Opinion
Argued March 21, 2000.
May 1, 2000.
In a proceeding pursuant to CPLR article 78 to review certain conditions imposed by the respondent upon the operation of the petitioner's recycling business, the petitioner appeals from a judgment of the Supreme Court, Orange County (West, J.), entered January 19, 1999, which denied the petition and dismissed the proceeding.
Fabricant Lipman, Goshen, N.Y. (Alan S. Lipman of counsel), for appellant.
Richard W. Hoyt, Walden, N.Y., for respondent.
DAVID S. RITTER, J.P., DANIEL W. JOY, SONDRA MILLER, HOWARD MILLER, JJ.
DECISION ORDER
ORDERED that the judgment is affirmed, with costs.

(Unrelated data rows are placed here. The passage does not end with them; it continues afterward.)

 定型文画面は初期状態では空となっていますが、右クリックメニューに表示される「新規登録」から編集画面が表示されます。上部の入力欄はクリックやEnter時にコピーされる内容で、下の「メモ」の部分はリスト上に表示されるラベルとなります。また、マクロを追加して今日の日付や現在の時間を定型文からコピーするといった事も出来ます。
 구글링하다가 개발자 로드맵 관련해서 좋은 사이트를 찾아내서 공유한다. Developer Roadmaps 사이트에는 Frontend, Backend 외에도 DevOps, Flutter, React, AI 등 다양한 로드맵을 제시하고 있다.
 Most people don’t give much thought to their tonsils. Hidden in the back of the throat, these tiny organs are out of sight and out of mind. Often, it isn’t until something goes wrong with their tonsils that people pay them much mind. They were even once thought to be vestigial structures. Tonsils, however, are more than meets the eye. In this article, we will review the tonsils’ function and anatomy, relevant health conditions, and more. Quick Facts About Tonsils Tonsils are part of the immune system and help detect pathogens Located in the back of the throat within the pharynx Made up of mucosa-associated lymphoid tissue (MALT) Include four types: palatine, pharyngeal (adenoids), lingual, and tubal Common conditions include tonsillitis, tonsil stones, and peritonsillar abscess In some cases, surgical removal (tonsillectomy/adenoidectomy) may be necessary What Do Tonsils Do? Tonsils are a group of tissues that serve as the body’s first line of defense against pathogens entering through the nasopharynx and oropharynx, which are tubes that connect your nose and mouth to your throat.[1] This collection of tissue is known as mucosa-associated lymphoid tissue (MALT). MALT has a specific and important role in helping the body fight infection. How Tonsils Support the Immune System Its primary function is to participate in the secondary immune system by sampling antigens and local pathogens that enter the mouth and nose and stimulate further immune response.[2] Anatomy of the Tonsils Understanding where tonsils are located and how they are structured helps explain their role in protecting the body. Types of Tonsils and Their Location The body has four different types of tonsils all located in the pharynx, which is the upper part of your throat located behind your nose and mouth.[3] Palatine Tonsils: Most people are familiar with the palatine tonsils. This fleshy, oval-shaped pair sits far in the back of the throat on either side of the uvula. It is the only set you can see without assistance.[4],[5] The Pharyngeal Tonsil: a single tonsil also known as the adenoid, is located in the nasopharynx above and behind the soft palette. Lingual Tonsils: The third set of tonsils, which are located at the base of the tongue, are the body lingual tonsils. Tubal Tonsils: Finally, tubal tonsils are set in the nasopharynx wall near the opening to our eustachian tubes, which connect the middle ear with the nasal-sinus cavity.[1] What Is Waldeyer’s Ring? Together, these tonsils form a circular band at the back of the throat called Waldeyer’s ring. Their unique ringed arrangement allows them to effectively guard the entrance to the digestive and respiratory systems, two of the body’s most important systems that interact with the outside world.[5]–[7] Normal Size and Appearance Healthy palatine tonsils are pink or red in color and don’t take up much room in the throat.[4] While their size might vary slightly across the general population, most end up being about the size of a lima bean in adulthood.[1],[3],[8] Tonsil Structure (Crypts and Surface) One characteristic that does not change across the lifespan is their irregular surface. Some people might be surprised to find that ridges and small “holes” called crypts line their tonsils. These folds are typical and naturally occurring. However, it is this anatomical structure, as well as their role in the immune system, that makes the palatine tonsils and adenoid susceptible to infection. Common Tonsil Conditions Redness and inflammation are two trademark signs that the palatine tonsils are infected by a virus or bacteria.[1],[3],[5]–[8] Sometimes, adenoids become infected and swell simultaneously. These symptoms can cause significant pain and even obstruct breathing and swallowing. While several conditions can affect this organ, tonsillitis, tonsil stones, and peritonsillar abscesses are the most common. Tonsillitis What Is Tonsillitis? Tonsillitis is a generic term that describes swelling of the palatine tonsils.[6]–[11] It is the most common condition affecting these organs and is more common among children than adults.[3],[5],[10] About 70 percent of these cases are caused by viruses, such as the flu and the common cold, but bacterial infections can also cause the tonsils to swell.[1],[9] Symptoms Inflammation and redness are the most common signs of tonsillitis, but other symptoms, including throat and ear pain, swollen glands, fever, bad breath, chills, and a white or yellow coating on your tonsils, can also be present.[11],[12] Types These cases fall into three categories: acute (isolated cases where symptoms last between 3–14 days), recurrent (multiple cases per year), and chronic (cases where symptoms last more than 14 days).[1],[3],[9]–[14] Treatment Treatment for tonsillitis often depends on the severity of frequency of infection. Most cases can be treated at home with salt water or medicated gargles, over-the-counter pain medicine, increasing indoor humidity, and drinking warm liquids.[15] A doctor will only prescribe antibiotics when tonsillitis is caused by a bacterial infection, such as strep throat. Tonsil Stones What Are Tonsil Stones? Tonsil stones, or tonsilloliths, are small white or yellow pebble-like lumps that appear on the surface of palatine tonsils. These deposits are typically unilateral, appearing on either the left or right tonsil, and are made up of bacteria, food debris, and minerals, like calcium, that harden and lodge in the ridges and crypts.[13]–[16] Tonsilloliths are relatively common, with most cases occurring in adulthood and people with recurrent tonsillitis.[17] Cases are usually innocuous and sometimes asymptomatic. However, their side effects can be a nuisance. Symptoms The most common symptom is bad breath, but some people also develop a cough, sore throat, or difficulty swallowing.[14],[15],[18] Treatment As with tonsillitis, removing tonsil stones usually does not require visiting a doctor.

Although the petitioner's operation was a preexisting, nonconforming use, predating the 1996 enactment by the Town of Montgomery of its Composting and Recycling Law (Local Laws, 1996, No. 1 of Town of Montgomery), the respondent nevertheless had the authority to impose conditions on the petitioner's hours of operation as an exercise of its police powers (see, Town of Hempstead v. Goldblatt, 9 N.Y.2d 101, affd 369 U.S. 590; Town Board of Town of Southampton v. 1320 Entertainment, 236 A.D.2d 387). The reasonable time restrictions imposed were not arbitrary and capricious (see, Town Board of Town of Southampton v. 1320 Entertainment, supra).
The petitioner's remaining contention lacks merit.
RITTER, J.P., JOY, S. MILLER and H. MILLER, JJ., concur.